Admittedly this is a small sample, but it does highight the potential problems with averages as currently utilised in ranking batsmen. Take as a further example Graham Gooch and VVS Laxman; they both played the same number of innings at 215, with Gooch outscoring Laxman by more than 300 runs, yet Laxman’s average is fully five runs higher than Gooch’s due to the latter’s low number of not outs (six, as against 34 by Laxman). But what else can be done to give a fairer approximation of a batsman’s ability?

There are a number of ways to summarise central tendency in data, and for a string of numbers these are average (or mean), median and mode. For those of you who aren’t familar with theses terms, here is a quick definition – average or mean is the sum of all of the numbers divided by the sample size; the median is the midpoint of the data set when ranked in order, i.e. there will be as many numbers above the median as below it; and the mode is the value which is most represented in the data set.

Below is the curve of all Test scores:-

It should be noted that this curve shows all Test innings, not just those by recognised batsmen. The various values of central tendency for this curve are as follows:-

Batting average: 30.17
Mean: 26.2
Median: 13.0
Mode: 0

Why is the mean lower than the batting average?
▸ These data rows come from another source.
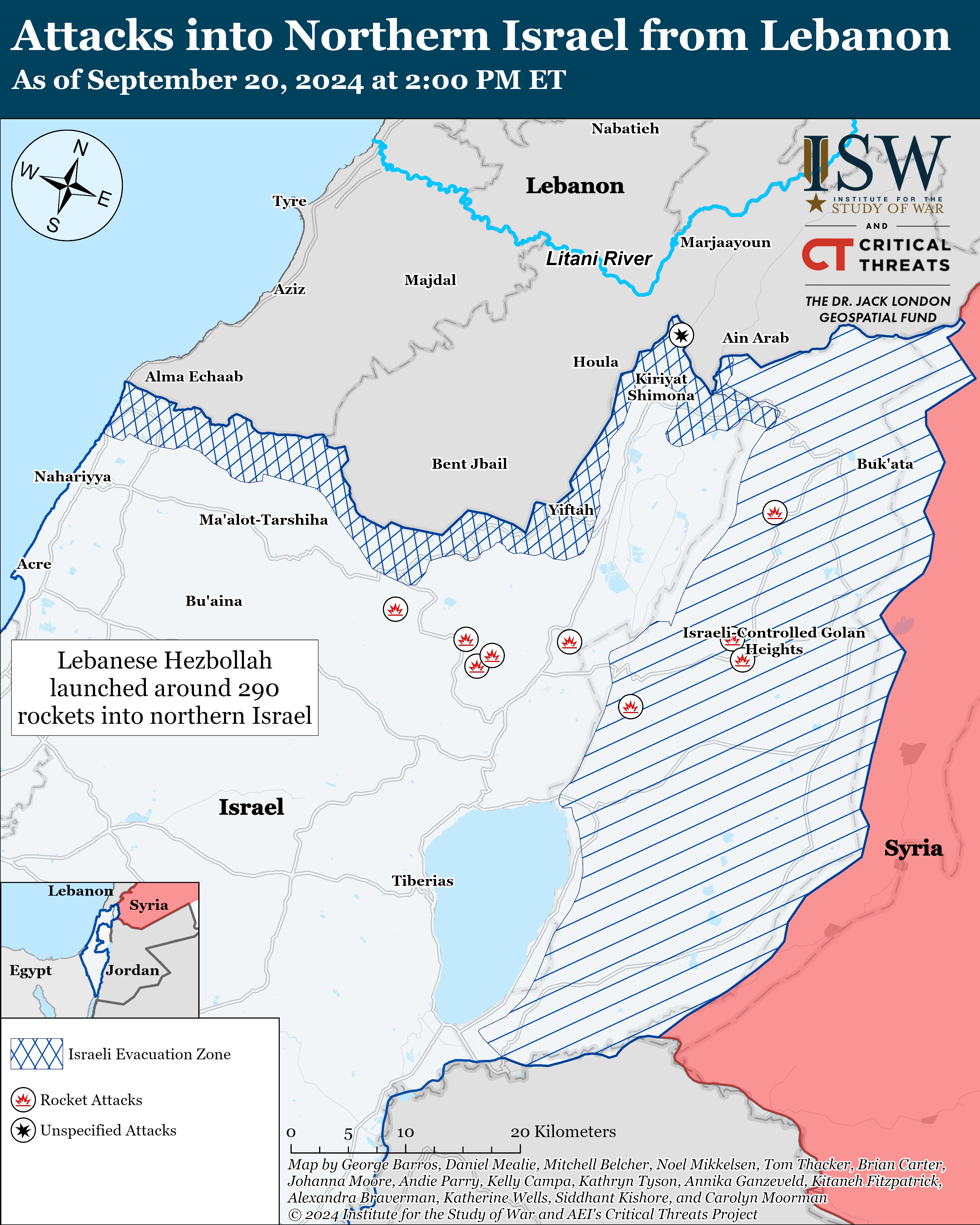 Lebanese Hezbollah has conducted at least 12 attacks into northern Israel since CTP-ISW’s last data cutoff on September 19.[20] Hezbollah launched approximately 290 rockets at Israeli military positions in retaliation for Israeli airstrikes in southern Lebanon.[21]
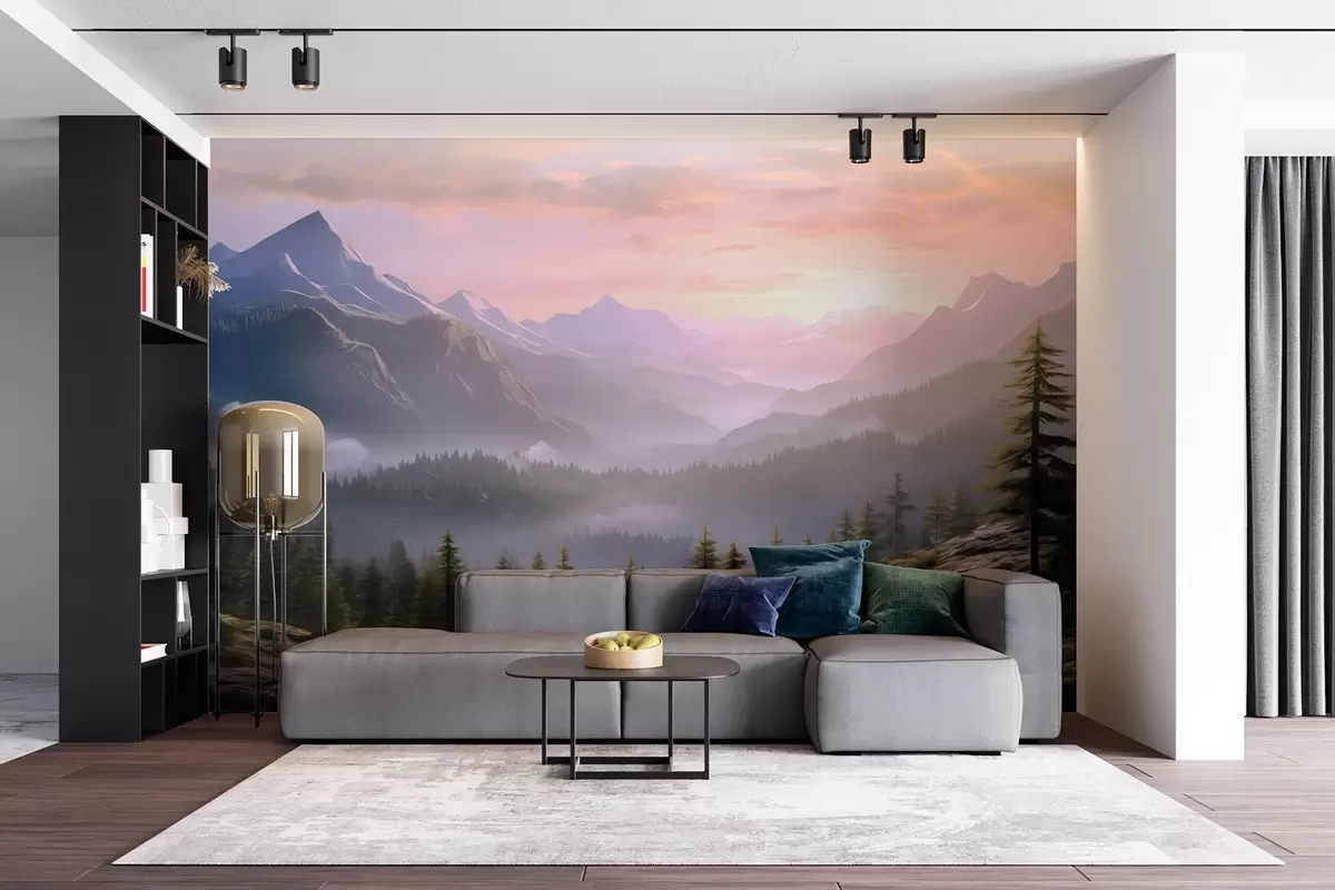 Fototapete Ruhige Berglandschaft in der Morgendämmerung mit leichtem Nebel vor einem Waldhintergrund w08750
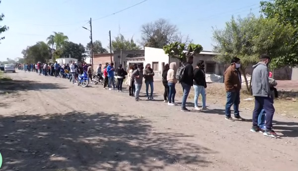 Largas filas para cobrar esta ayuda, que para muchos, podría enmarcarse en un acto de clientelismo ante la cercanía de las PASO. Hasta el momento la Justicia no se expidió al respecto.

As discussed earlier, the batting average is the average between dismissals, whereas the mean here is the average of all innings incuding not outs. The median as mentioned is the midpoint, i.e. as many scores above 13 as below, and as can be seen this is much lower than the mean. The mode is the total most often scored, which is zero.

The importance of selecting the most appropriate method of determining the central tendency of data is of course affected by the distribution of the sample.

In a normal distribution, the mean, median and mode can be closely located because the peak of the sample data is central – however if we look at the distribution of batting scores they typically show a positive skew as in the example above, that is the peak is towards the left hand side of the plot, i.e. towards the low end of the scores. For this reason, the average or mean misrepresents the central tendency of the batsman’s scores due to the likelihood of a small number of high-value outliers, as seen with the example of Bannerman above.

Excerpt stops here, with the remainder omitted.